Designing anti-bacterial supramolecular gels from primary ammonium dicarboxylate (PAD) salts for self-delivery applications

Abstract

Primary ammonium dicarboxylate (PAD) salts often display 2D columnar hydrogen bonded networks known as the PAD supramolecular synthon in the context of crystal engineering. The PAD synthon is known to play an effective role in supramolecular gelation. Vehicle-free drug delivery (VFDD) vis-à-vis conventional drug delivery (CDD), is advantageous as it does not require any vehicle to deliver the drug. In here, we disclose the development of an anti-bacterial VFDD system based on PAD salts. Synthesis, structure and supramolecular gelation behaviour of 20 PAD salts derived from 5 dicarboxylic acids – (CH₂)_n–(COOH)₂ (n = 4, 7, 10, 12 and 14) – and 4 therapeutic amines – amantadine (AMN), tyramine (TRM), tryptamine (TRP) and mafenide (MAF) – are reported.
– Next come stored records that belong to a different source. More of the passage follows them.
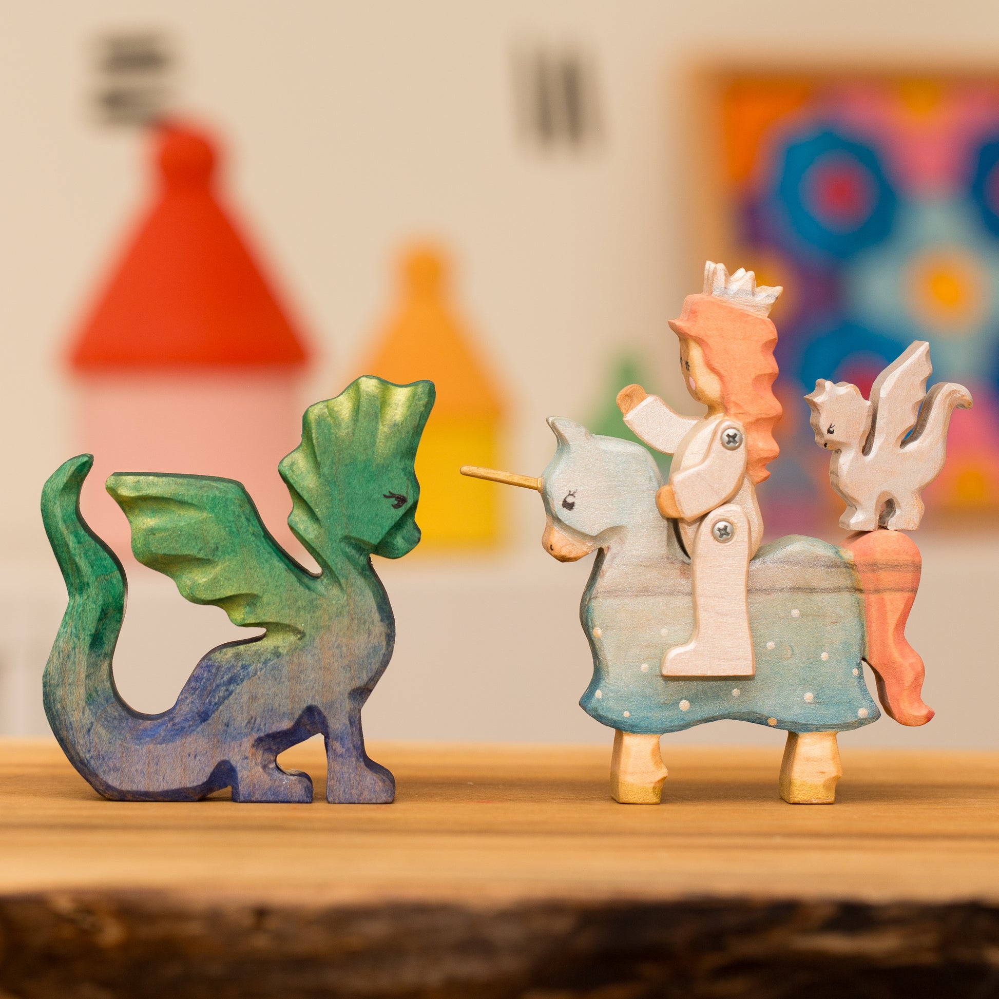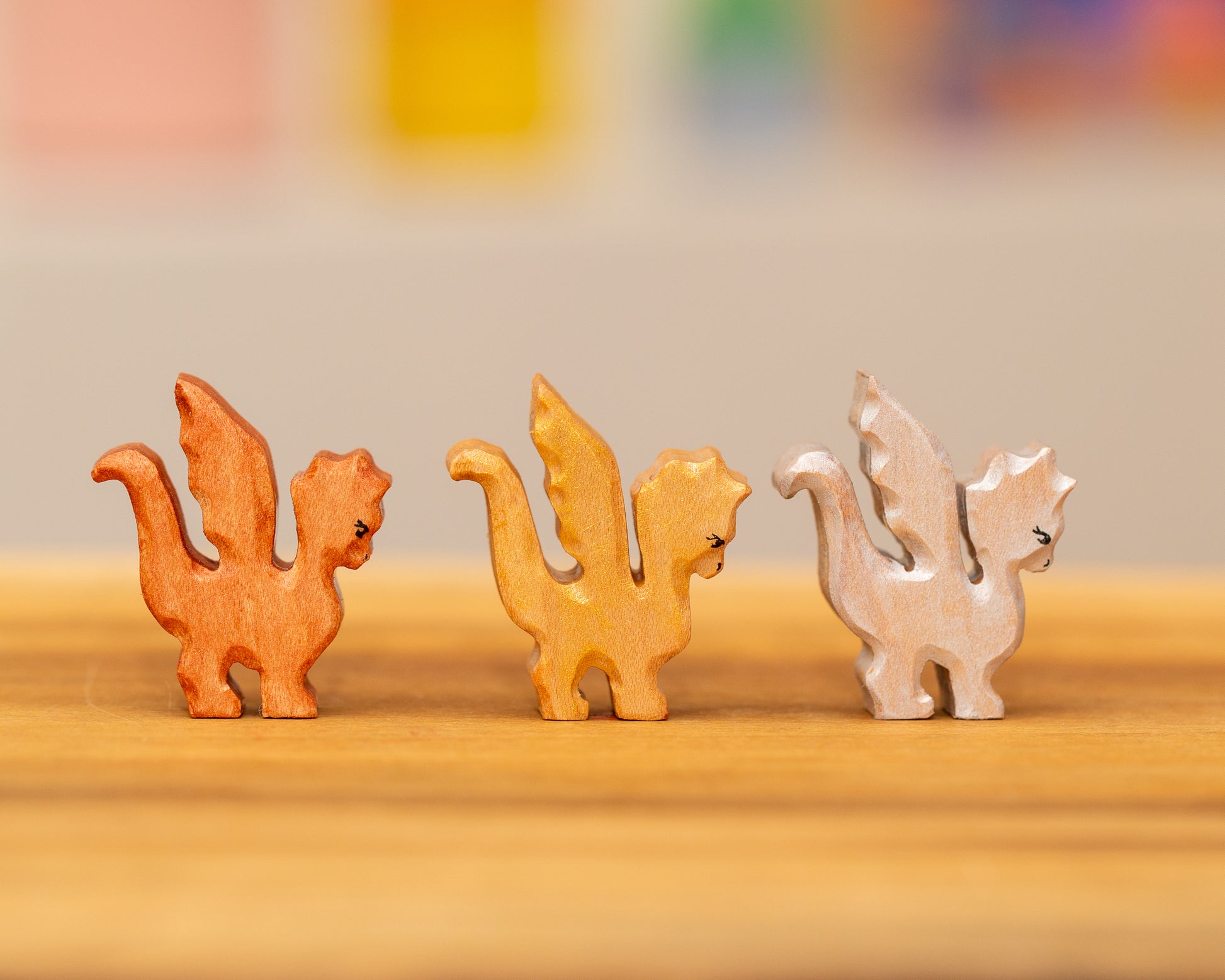 Dragon made from hard maple. Painted with watercolors and acrylic details finished with a linseed oil beeswax blend.
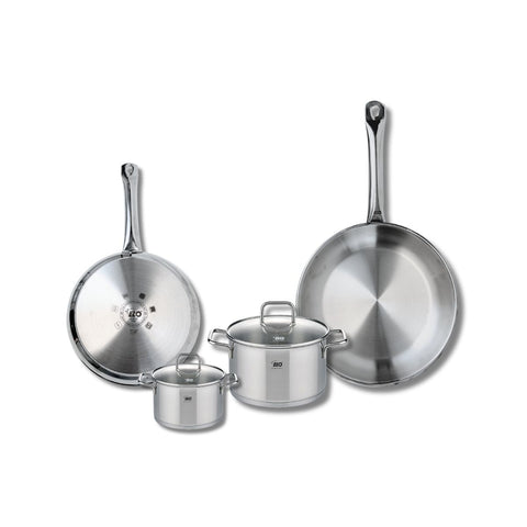 Découvrez le set de 2 poêles de cuisson et 2 faitouts Elo Profi Citrin, une combinaison parfaite pour tous vos besoins culinaires. Ce lot comprend deux poêles de 24 et 28 cm, idéales pour saisir, rôtir ou cuire vos aliments à la perfection. Conçues en inox de haute qualité, elles offrent une excellente conductivité thermique, permettant une répartition homogène de la chaleur. Leur finition élégante en inox donne non seulement un look moderne à votre cuisine, mais assure également une robustesse à toute épreuve.
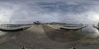 several small boats docked on a long wooden pier beside the water of a lake under a cloudy sky
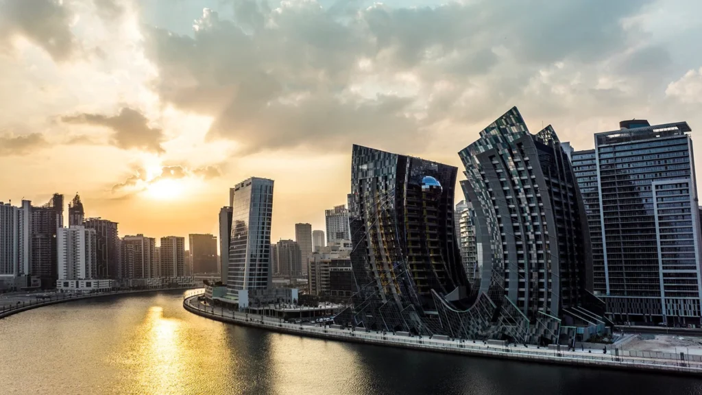DaVinci Tower by Dar Al Arkan rises directly on the Dubai Water Canal. Consequently, residents enjoy a rare waterfront lifestyle in the heart of the city. The tower faces the canal on one side and frames views of Burj Khalifa on the other. Moreover, Downtown Dubai is just minutes away, ensuring seamless access to shopping, dining, and entertainment.

Interestingly, 40% of the PAD salts were able to gel methyl salicylate (MS) – an important ingredient in many commercially available topical ointments. The gels were characterized by rheology and TEM. The underlying supramolecular interactions were analysed using single crystal X-ray diffraction (SXRD) studies carried out on as many as 9 salts. The gelator salt, C₁₄·2MAF, containing anti-bacterial drug MAF as the amine part, showed excellent anti-bacterial behaviour against E. coli. Detailed biological studies suggested that the C₁₄·2MAF anti-bacterial property is caused by bacterial cell membrane disruption and ROS generation. Gradual release of C₁₄·2MAF from a MS-gel bed and sheer thinning of the gel phase, clearly indicated that the C₁₄·2MAF MS gel has potential use as a supramolecular topical gel for anti-bacterial treatment.